Bay, playing left field, began running toward the corner, the play looking like your basic stand-up double.

Suddenly, though, the ball hit the low wall in foul territory at such an uncharacteristic angle that it shot out toward Bay. He scooped up the ball and threw to second baseman Dustin Pedroia. The ball was waiting in Pedroia’s glove when a surprised Ellis slid in, a dead duck for the second out of the inning.

Bay was given a loud ovationfor his first assist as a member of the Red Sox.

Switching sides

Jason Varitek began the at-bat as a left-handed hitter.
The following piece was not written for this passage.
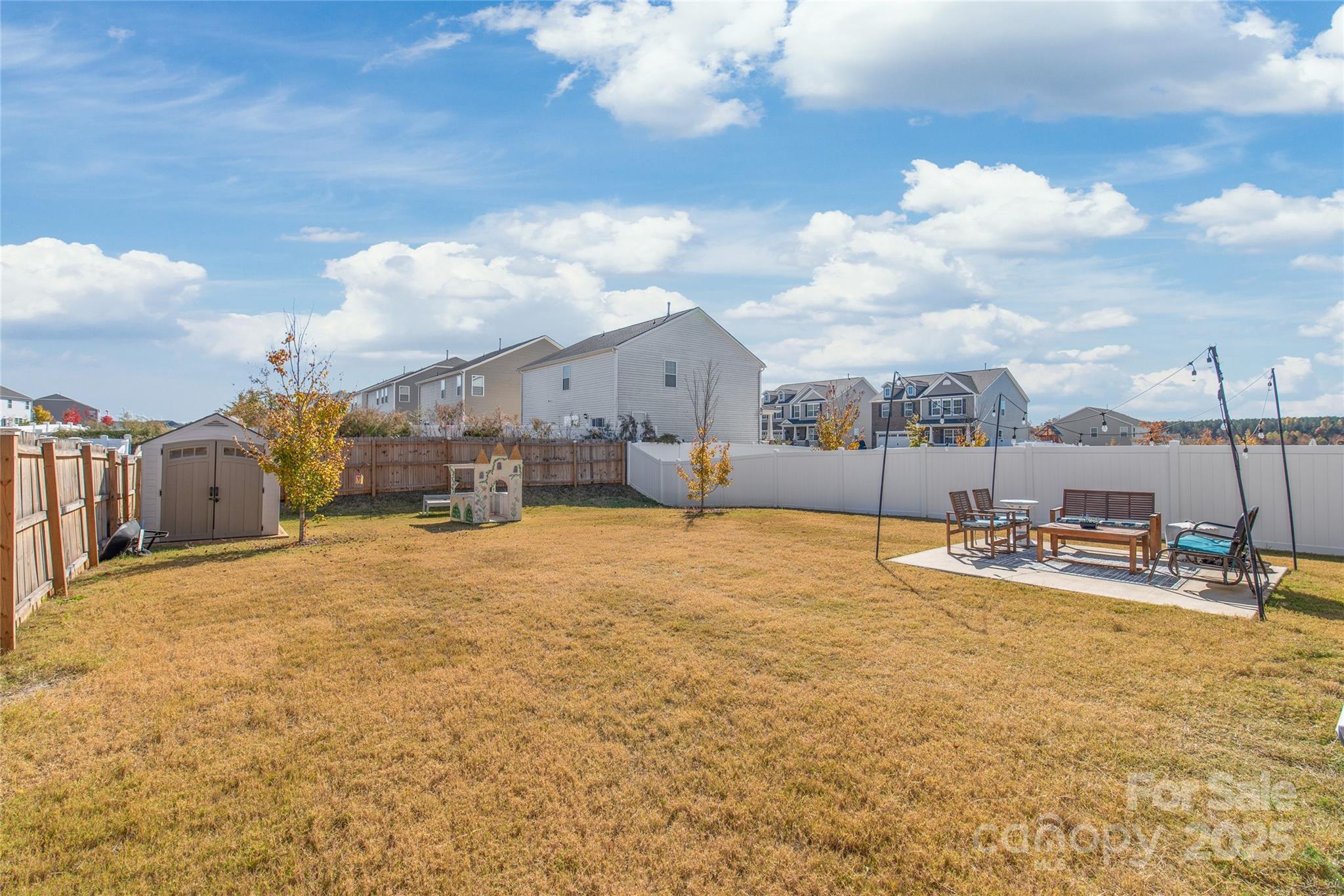 Welcome home to Nolen Farm, one of Gastonia’s most sought-after neighborhoods! This nearly new 4-bedroom, 2.5-bath home offers the perfect blend of style, comfort, and convenience. The rocking chair front porch is so welcoming. The open-concept main level features a bright kitchen with stone countertops, tiled backsplash, stainless steel appliances, and a gas range. Beautiful flooring throughout the main level. The spacious living room has a cozy fireplace. You will love the charming play area under the stairs, featuring a split door, where kids can enjoy a magical space. Upstairs, enjoy a spacious primary suite with vaulted ceilings, a walk-in closet, and a private bath, as well as three additional bedrooms and laundry facilities for easy living. Outside, relax on one of the two inviting patios overlooking a large, fenced backyard—ideal for relaxing or entertaining. Fantastic community amenities include a clubhouse, pool, fitness center, playground, game courts, and walking trails. One community park is located right across the street and features a playground and sand volleyball courts. Easy access to Charlotte and Lake Wylie. This home is move-in ready, it's better than NEW!

He ended it as a right-handed hitter.

The unusual circumstance arose in the sixth. Varitek was facing right-hander Joey Devine. The count went to 3 and 2 when the umpires pulled the teams off the field because of thunder, lightning and rain.

When play resumed , Devine had been replaced by left-hander Alan Embree, moving the switch-hitting Varitek to the right side. Varitek swung and missed Embree’s first pitch for a strikeout.

Embree got credit for a one-pitch strikeout. Had Embree thrown ball four, the walk would have been charged to Devine.

Off the mark

The Athletics are young and prone to making mental mistakes.

They did not play fundamental baseball this weekend. Yesterday center fielder Ryan Sweeney was guilty of another one in the first inning. With Pedroia at second base and none out, Kevin Youkilis ripped a single to center.

Sweeney charged the hard hopper and got to it in medium deep center. He had no chance to throw out Pedroia at the plate, but he threw home anyway. That was one mistake. Compounding that mistake was the fact he threw the ball over the head of first baseman Barton, serving as the cutoff man on the mound.

The alert Youkilis rounded first base aggressively and took off for second when he saw the throw going over Barton’s head. Sweeney’s play gave Youkilis an extra base and didn’t keep the double play in order.